The sensible handful that do take advantage of the advice provided by the more experienced posters and are more receptive to bad news will actually be better prepared and more likely to succeed.


----------



## shivam7106 (Aug 15, 2016)

Bbay2Oz said:


> Taxi plate is worthless now. So the answer to your question is $0.
> 
> Not sure what you mean by inferior. In terms of $$$ and as a business proposition it is inferior given that the taxi business model is no longer profitable at all.
> 
> ...


Hi people,

I dont know that from which place are we coming from?? Here people are targeting the whole profession - *TAXI* by calling it *INFERIOR*  . Atleast people are working and making money and able to afford their luxuries.......yes guys you read it write *LUXURIES* 

I personally know many people here in Australia who are not into white collar jobs but they are doing better than what engineers and bank managers couldn't do. Trust me taxi drivers are filthy rich here.

Don't compare Australia with any other country like USA or UK, but try to understand Australia and its economy, demography, etc. Unike US, Australia is a country of trade person. Here tradies or blue collar jobs earn more as compared to White collar jobs.

Respect the country and its culture and to be success just remeber *When in Rome, do as the Romans do*.


----------



## misecmisc (Jun 26, 2014)

Bbay2Oz said:


> So for those who don't believe Simon and think that some immigrants “after having enjoyed Australia for a few months” now have an ulterior motive to stop other immigrants from “enjoying Australia”, here are some very hard hitting facts:
> 
> Proportion of Indian IT workers on 457 visas on rock bottom pay triples
> 
> ...


I have not read the URLs posted in above post, but from an overall level, it seems that the above post is indicating that IT professionals migrating to Aus in either 189/190 PR visa would be having much difficulty in getting a job in Aus.

So my question is - What would you suggest as to how should a software engineer approach this situation? means - what should we do - should we just drop the Aus PR idea totally?
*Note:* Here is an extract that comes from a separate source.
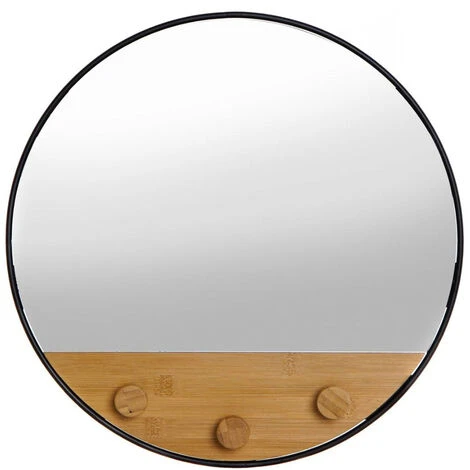 Miroir patère en Bambou Bambou – Verre – MĂ©tal A Suspendre Dimensions : Diamètre 41 cm – Profondeur 4 cm

I cannot say about others, but as far as I am concerned, when I will get EOI invite and then when I will apply for PR visa, I would need to pay in total a big amount, as in my application, I will have my wife and my child included in it, plus I will have to pay the additional amount for my wife not having Functional English - so on overall, it would add up to become a big amount.

So what advice would you suggest to me and other software engineers regarding how to proceed with the above post's situation regarding job finding and job getting? Please suggest. Thanks.


----------



## Bbay2Oz (May 10, 2010)

shivam7106 said:


> ]
> I personally know many people here in Australia who are not into white collar jobs but they are doing better than what engineers and bank managers couldn't do. Trust me taxi drivers are filthy rich here.][/B].







Melbourne Uber protests 'could get ugly', angry Melbourne taxi drivers warn - ABC News (Australian Broadcasting Corporation)

WATCH: Taxi drivers protest in Melbourne | SBS Your Language

No Cookies | Herald Sun

http://www.kiis1011.com.au/newsroom/melbourne-cbd-set-to-close-as-taxi-drivers-protest

Enough or should I go on?

Trust you? Yeah right.


----------



## Simon Matthew (Dec 12, 2016)

Bbay2Oz said:


> Hey Simon,
> 
> Just a thought. After reading your first couple of posts it occurred to me that you were probably rejected at the interviews because they (the interviewers) felt threatened by you (they've probably seldom met someone this qualified with excellent communication skills to boot).
> 
> ...


Good points on here. Everything up for consideration in the new year.


----------



## Simon Matthew (Dec 12, 2016)

Bbay2Oz said:


> Taxi drivers protesting against Uber front of Victorian parliament Melbourne Australia 05 10 16 - YouTube
> 
> Melbourne Uber protests 'could get ugly', angry Melbourne taxi drivers warn - ABC News (Australian Broadcasting Corporation)
> 
> ...


 Plus you have to wait for 12 months after you get your license to apply for a Taxi license; at least that's how it is in NSW. One more link to help your case.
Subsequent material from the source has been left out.